SOURCE MATERIAL
□ □ □ □ □

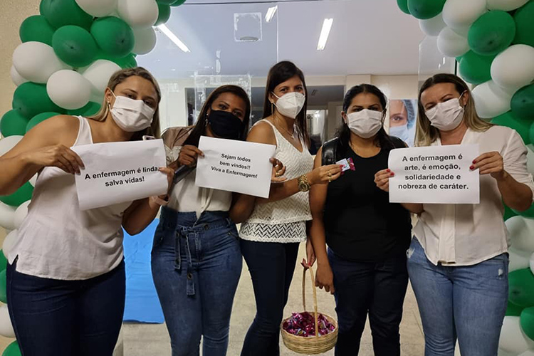 Os coordenadores da unidade hospitalar recepcionaram os enfermeiros e enfermeiras durante a troca de plantão com aplausos, músicas, mensagens e entregas de chocolates.
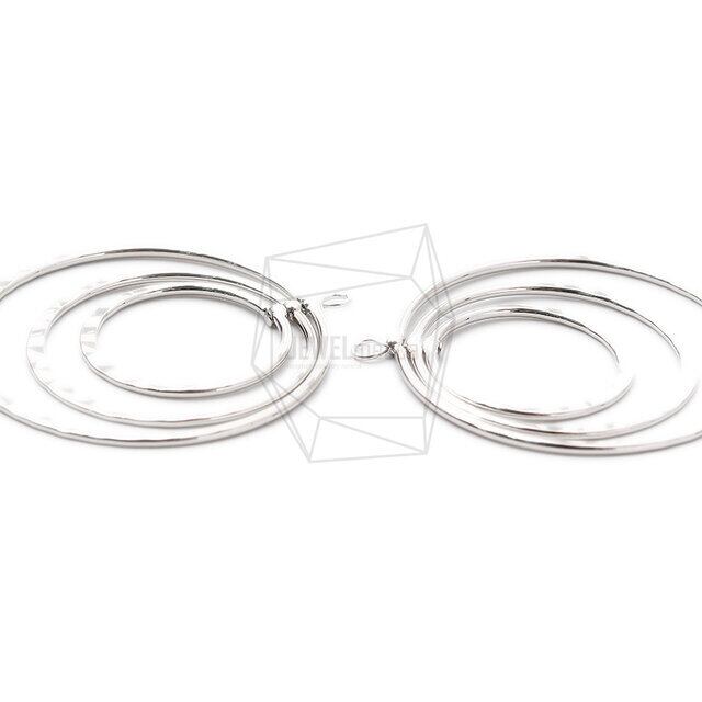 PDT-1898-R/2PCS/Triple Circles Hammered Texture Pendant/45mm X 50mm/Rhodium Plated Over Brass
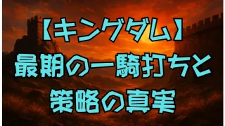 キングダム【キングダム】信vs龐煖の最終決戦|理念の衝突と成長の物語を徹底解説 『キングダム』信と龐煖の宿命の最終決戦を詳しく解説。出会いから因縁、理念の衝突、信の成長と物語への影響まで徹底考察します。 2024.01.16キングダム
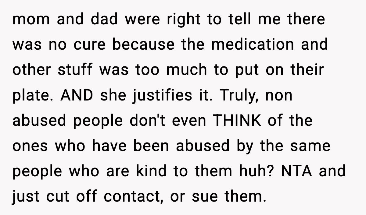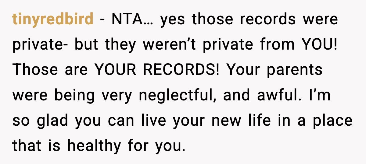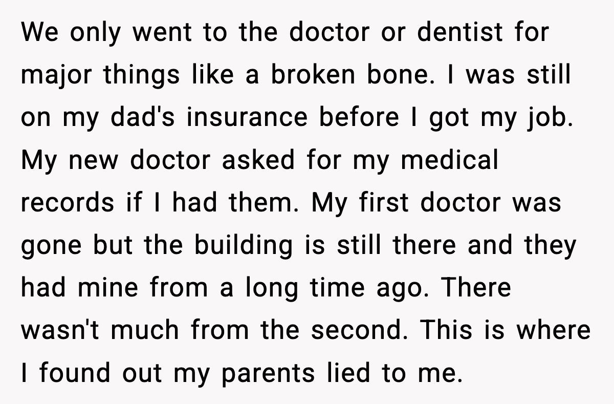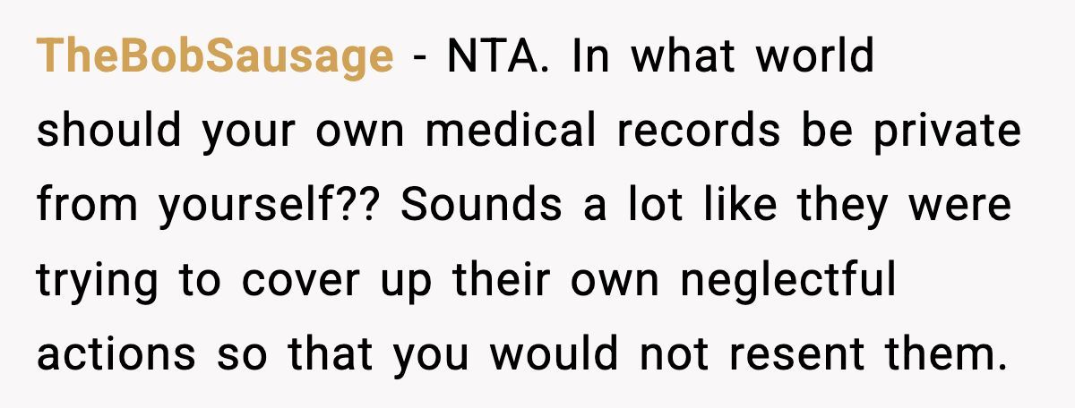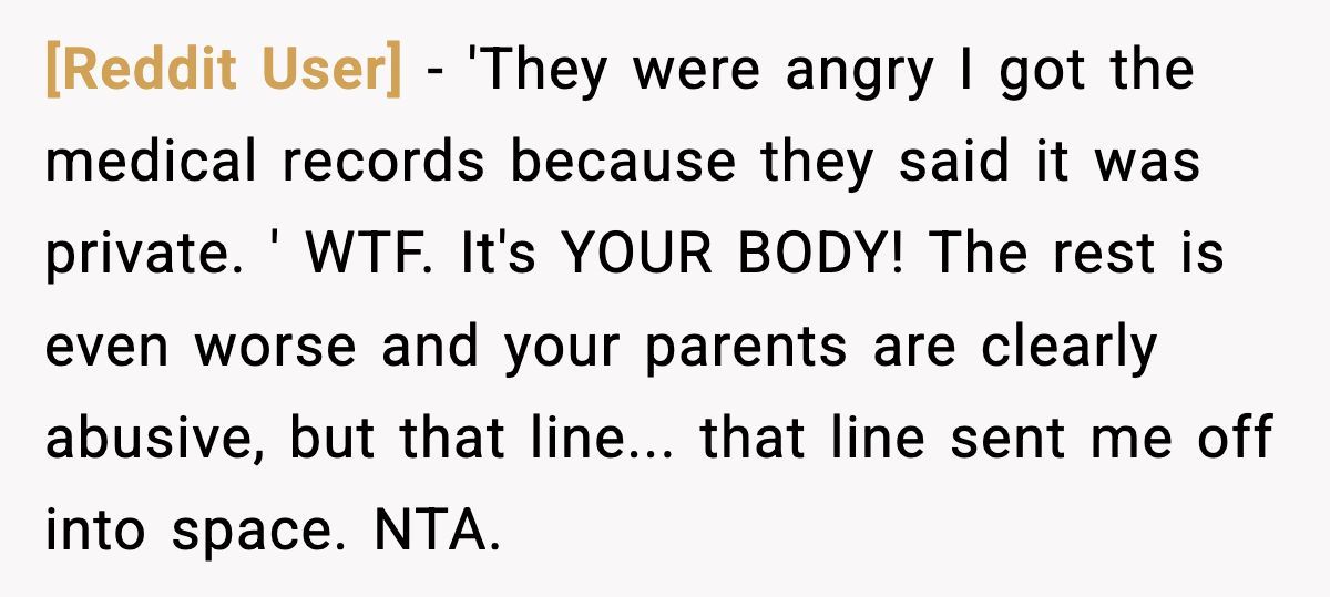 The parents’ outrage over her accessing her own medical records screams deflection—likely guilt for being called out. Open communication could’ve softened the blow, but their secrecy and the sister’s attacks only deepened the hurt. The Redditor might consider therapy to process this betrayal and set boundaries, perhaps limiting contact while she heals.

□ □ □ □ □

EXERCISE DIRECTIONS
Reproduce the whole listing word for word, setting aside any pictures.

SOLVED EXERCISE
 Os coordenadores da unidade hospitalar recepcionaram os enfermeiros e enfermeiras durante a troca de plantão com aplausos, músicas, mensagens e entregas de chocolates.
 PDT-1898-R/2PCS/Triple Circles Hammered Texture Pendant/45mm X 50mm/Rhodium Plated Over Brass
 キングダム【キングダム】信vs龐煖の最終決戦|理念の衝突と成長の物語を徹底解説 『キングダム』信と龐煖の宿命の最終決戦を詳しく解説。出会いから因縁、理念の衝突、信の成長と物語への影響まで徹底考察します。 2024.01.16キングダム
 The parents’ outrage over her accessing her own medical records screams deflection—likely guilt for being called out. Open communication could’ve softened the blow, but their secrecy and the sister’s attacks only deepened the hurt. The Redditor might consider therapy to process this betrayal and set boundaries, perhaps limiting contact while she heals.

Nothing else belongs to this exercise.